There were limitations in our study. We used a real-world example to demonstrate the general concept of spectrum bias in AI algorithms. It is likely that our specific findings may differ based on different types of machine learning methods, input data formats (i.e. numerical, graphical, etc.), clinical conditions of interest, or patient population. Secondly, apart from the demonstrating the AI-ECG’s ability to assist in diagnosis, we were not able to evaluate the clinical utility on outcomes for such a test in this present study. Thirdly, our control group may include patients with significant cardiac structural abnormalities (such as reduced ejection fraction or other significant valvulopathies not involving the aortic valve). It is possible that more stringent exclusion criteria for our control group might have accentuated the spectrum bias noted in the present study. Next, while we used a standardized approach to identify severe AS, it is possible that there may be a small subset of patients who do not meet the study criteria for severe AS who may have been excluded from this study. To reduce this limitation, we used an inclusive definition of severe AS and improved its robustness by confirming with physician final impressions. Lastly, we acknowledge that spectrum bias in other fields of AI or other potentially encountered scenarios has not been established. Nonetheless, we provided a key example of spectrum bias using an AI-ECG model to bring this important concept to the attention of clinicians and researchers in this field.
Conclusion
Spectrum bias may be an important limitation in studies involving diagnostic tests and has been shown for the first time in an AI-derived testing algorithm to classify severe AS from ECG data. It is critical that clinicians recognize potential spectrum bias when reviewing these studies to ensure appropriate interpretation of the results and applicability in their own patient population.

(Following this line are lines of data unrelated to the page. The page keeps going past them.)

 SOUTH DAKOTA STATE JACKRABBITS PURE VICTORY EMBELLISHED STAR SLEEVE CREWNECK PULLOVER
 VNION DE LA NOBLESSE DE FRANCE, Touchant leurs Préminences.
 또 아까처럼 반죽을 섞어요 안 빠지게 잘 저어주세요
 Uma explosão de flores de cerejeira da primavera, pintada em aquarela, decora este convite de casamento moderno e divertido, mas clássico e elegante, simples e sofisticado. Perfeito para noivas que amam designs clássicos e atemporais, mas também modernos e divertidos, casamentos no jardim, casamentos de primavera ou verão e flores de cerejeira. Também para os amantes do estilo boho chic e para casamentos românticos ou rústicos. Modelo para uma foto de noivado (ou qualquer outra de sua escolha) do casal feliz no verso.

Conflict of interest: Mayo Clinic has licensed the underlying technology to EKO, a maker of digital stethoscopes with embedded ECG electrodes. Mayo Clinic may receive financial benefit from the use of this technology, but at no point will Mayo Clinic benefit financially from its use for the care of subjects at Mayo Clinic. P.A.F., F.L.-J., and I.Z.A. may also receive financial benefit from this agreement. A.S.T., M.S.-C., and J.K.O. have no conflicts of interest to disclose.
Data availability
The data underlying this article will be shared on reasonable request to the corresponding author.
Lead author biographies
Andrew Sean Tseng is a cardiology fellow at the Mayo Clinic. In addition to his medical training, he obtained a Master’s in Public Health from the Harvard T.H. Chan School of Public Health. His research interests include population health, outcomes research, economic analyses, particularly focusing on the potential impact of artificial intelligence on clinical practice within cardiology and its subspecialties.

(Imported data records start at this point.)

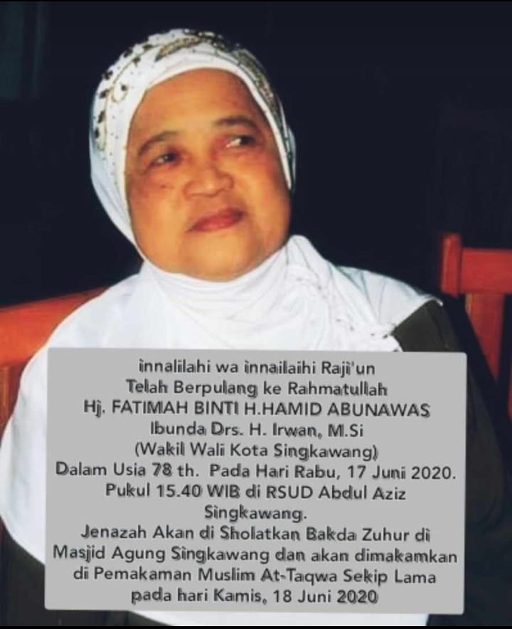 Innalillahi wainna ilaihiraji’unKeluarga Besar Dinas Perhubungan Kota Singkawang mengucapkan turut berduka cita sedalam-dalamnya atas meninggalnya ibu HJ. FATIMAH BINTI HAMID ABUNAWAS ibunda dari Bapak H. Irwan (Wakil Walikota Singkawang) semoga Amal ibadah Almarhumah diterima disisi Allah SWT dan keluarga yang ditinggalkan diberikan ketabahan dan kesabaran Aamiin
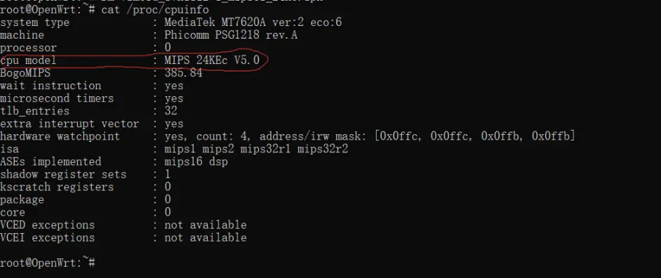 第三步、输入命令 cat /proc/cpuinfo 查看路由硬件信息
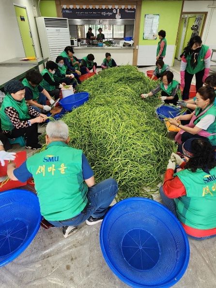 새마을회원 20여명이 이른 아침부터 담근 마늘종 장아찌는 숙성기간을 거친 후 관내 소외계층에 전달될 예정이다.
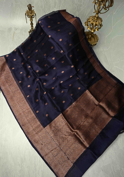 Navy Blue Organza Silk Saree with Antique Floral Buttas and Zari Border | SILK MARK CERTIFIED
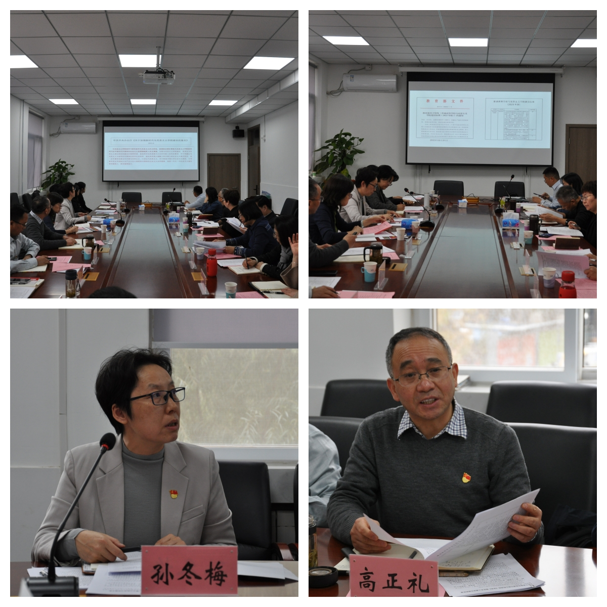 学院党委书记孙冬梅带领大家学习了十八大以来习近平总书记关于今年会官方网站及思政课建设的系列重要论述,希望大家进一步提高思想认识,要以总书记的系列重要讲话精神作为建好学院、办好思政课的根本遵循。院长高正礼对照《普通高等学校今年会官方网站建设标准(2023版)》,分析学院目前发展现状、存在问题和下一步的建设思路。班子成员田永静、闫长丽、郑士鹏分别结合分管工作分享了学习心得和工作思考。学院各学位点负责人韩振峰、何玉芳、李效东等分别从发挥学院优势特色、增强社会服务、进一步促进“两个结合”的角度提出建议,各教研室主部、党支部书记也发表了对学院工作的意见。

Michal Cohen Shelly is an electrical engineer in the Mayo Clinic cardiovascular artificial intelligence team. She previously worked as a developer in private industry dealing with big data, business intelligence, science and communications. She joined the AI team in the Mayo Clinic Division of Cardiovascular Diseases in September 2018 and is involved in several high impact research projects using ECG and tabular data to accelerate AI-ECG research. Her main fields of interest are integrating patient needs and engineering as well as developing and leading innovative approaches to improve patient care.
References
Author notes
The first two authors are shared first authorship and contributed equally to this project.